# Task description:
Write out exactly the lines from the one that contains "현재 사고가 난 에스컬레이터는" down to the last line of the material below, keeping both ends and omitting pictures.

# Raw data:

──────────

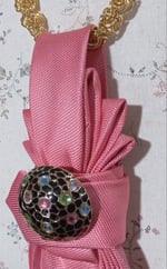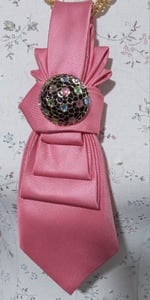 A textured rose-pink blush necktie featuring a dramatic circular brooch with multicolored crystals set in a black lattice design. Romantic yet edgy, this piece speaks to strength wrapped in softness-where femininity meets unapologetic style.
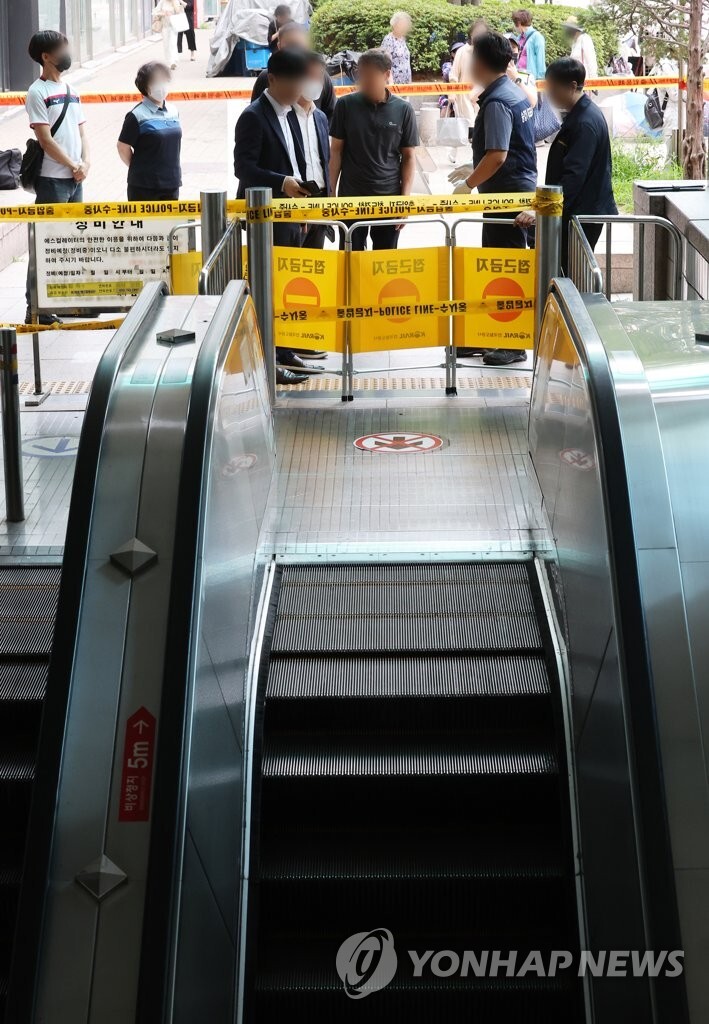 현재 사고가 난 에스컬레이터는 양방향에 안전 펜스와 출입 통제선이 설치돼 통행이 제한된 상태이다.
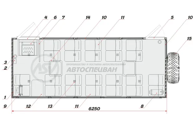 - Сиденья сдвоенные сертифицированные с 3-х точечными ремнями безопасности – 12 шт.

──────────

# Result of the exercise:
 현재 사고가 난 에스컬레이터는 양방향에 안전 펜스와 출입 통제선이 설치돼 통행이 제한된 상태이다.
 - Сиденья сдвоенные сертифицированные с 3-х точечными ремнями безопасности – 12 шт.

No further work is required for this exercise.